Ловля большой рыбы
Юй Шаотан отчитывал кого-то за кулисами. Оказалось, один из юношей, игравших женские роли, после того как ему наложили грим и сделали прическу, решил, что костюм слишком тяжелый, и засучил рукава, чтобы было прохладнее.
В театре это считалось плохой приметой. Юй Шаотан случайно это заметил и устроил мальчику нагоняй.
Когда пришла Синмэй, она увидела юношу с расстроенным лицом и поняла, что его отругали. Она не стала вмешиваться и просто тихонько встала в сторонке.
— Мне сказали, что вчера тебя видели сидящей на сундуке с костюмами, — строго сказал Юй Шаотан, увидев Синмэй. — Это правда?
Синмэй сразу поняла, что кто-то наговаривает на нее, и поспешила оправдаться:
— Я же отвечаю за эти вещи, разве я могу не знать правил? На сундуки с костюмами садиться нельзя, это может прогневать духов.
— Хорошо, я этого не видел своими глазами, так что не буду тебя наказывать, — сказал Юй Шаотан. — Тогда скажи мне, ты уже больше месяца в труппе, какие пьесы ты выучила?
Синмэй хотела было сказать, что не выучила ни одной, но вовремя остановилась. Если он спросит, почему она не учит, что она ответит?
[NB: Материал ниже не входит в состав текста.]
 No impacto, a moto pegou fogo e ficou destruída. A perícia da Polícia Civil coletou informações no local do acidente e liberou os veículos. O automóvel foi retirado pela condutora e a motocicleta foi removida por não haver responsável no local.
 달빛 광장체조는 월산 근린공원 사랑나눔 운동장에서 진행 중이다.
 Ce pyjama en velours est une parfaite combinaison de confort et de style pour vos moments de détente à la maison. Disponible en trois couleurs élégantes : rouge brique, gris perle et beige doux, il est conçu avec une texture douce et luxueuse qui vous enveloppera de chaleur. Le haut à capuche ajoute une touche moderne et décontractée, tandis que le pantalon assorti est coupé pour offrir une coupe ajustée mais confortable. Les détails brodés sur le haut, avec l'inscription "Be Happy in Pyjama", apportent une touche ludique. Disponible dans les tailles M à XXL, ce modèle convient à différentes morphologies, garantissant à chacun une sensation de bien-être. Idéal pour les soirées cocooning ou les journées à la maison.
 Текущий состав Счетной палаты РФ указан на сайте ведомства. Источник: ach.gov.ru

Неужели скажет, что «мастер Хуа не учит»? В театральном мире уважение к учителю — превыше всего. Такие слова прозвучали бы неуважительно.
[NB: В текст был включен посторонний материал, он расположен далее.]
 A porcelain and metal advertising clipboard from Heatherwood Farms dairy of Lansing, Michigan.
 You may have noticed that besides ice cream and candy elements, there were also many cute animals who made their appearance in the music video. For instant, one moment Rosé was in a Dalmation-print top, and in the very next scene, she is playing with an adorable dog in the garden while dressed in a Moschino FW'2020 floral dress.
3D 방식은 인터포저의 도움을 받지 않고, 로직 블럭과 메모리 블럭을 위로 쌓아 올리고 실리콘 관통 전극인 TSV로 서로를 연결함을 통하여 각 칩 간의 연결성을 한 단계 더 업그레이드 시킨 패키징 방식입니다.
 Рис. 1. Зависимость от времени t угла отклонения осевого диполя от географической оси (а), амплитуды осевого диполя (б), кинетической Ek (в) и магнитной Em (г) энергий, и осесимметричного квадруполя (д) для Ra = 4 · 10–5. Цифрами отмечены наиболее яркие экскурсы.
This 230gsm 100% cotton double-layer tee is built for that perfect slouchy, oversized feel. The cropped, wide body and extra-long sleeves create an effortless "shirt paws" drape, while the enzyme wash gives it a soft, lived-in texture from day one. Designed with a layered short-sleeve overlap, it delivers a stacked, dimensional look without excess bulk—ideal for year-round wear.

Видя, что она молчит, Юй Шаотан недовольно сказал:
— Учитель может лишь показать путь, а совершенствоваться нужно самому. Нельзя же ждать, пока тебя за ручку будут водить. Нужно самой прикладывать усилия, наблюдать, слушать — это тоже учеба.
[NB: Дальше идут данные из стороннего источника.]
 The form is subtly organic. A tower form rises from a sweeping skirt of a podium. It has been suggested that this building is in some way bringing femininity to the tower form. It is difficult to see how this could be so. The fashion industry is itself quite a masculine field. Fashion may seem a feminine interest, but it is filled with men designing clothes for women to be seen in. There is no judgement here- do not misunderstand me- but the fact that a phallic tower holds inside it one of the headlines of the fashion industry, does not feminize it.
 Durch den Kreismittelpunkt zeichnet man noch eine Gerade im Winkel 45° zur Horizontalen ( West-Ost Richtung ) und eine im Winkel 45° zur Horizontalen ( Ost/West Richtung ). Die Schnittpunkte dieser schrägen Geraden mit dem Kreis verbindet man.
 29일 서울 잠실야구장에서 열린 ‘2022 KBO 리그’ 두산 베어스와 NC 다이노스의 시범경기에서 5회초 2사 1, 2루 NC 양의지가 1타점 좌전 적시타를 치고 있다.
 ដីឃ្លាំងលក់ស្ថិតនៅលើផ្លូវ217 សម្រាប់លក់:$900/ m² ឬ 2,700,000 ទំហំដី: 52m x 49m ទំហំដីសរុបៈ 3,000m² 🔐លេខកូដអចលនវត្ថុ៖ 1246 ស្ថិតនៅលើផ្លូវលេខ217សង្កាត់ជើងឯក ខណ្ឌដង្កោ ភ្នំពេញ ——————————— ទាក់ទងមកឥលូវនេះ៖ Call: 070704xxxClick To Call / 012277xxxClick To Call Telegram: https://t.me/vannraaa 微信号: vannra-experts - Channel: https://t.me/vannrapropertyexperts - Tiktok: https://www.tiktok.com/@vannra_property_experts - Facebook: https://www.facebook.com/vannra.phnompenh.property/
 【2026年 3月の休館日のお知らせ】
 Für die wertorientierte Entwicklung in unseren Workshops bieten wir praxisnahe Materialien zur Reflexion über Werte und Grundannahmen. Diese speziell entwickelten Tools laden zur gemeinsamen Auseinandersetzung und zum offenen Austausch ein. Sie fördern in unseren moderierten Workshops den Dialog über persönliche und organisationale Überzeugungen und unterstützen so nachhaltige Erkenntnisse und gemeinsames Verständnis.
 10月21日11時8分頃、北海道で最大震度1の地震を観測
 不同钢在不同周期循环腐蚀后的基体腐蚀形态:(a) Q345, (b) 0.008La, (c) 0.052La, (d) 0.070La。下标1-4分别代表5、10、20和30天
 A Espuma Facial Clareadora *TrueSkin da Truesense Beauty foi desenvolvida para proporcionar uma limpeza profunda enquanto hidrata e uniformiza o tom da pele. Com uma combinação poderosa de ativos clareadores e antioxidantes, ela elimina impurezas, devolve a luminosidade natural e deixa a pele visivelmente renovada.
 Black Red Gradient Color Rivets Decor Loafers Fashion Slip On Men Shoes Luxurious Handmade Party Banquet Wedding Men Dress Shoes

Эти слова заставили Синмэй замолчать. В этот момент подошла Шаньху, и Юй Шаотан спросил:
— Шаньху, где ты нашла Синмэй?
Шаньху только этого и ждала.
— У старика Хэ, — тут же ответила она. — Что-то там шептала, колдовала.
— Меня мастер Хуа туда послал! — воскликнула Синмэй.
Старик Хэ любил притворяться знахарем и шаманом. Юй Шаотан недолюбливал его, поэтому, услышав эти слова, с отвращением спросил:
— Зачем он тебя позвал?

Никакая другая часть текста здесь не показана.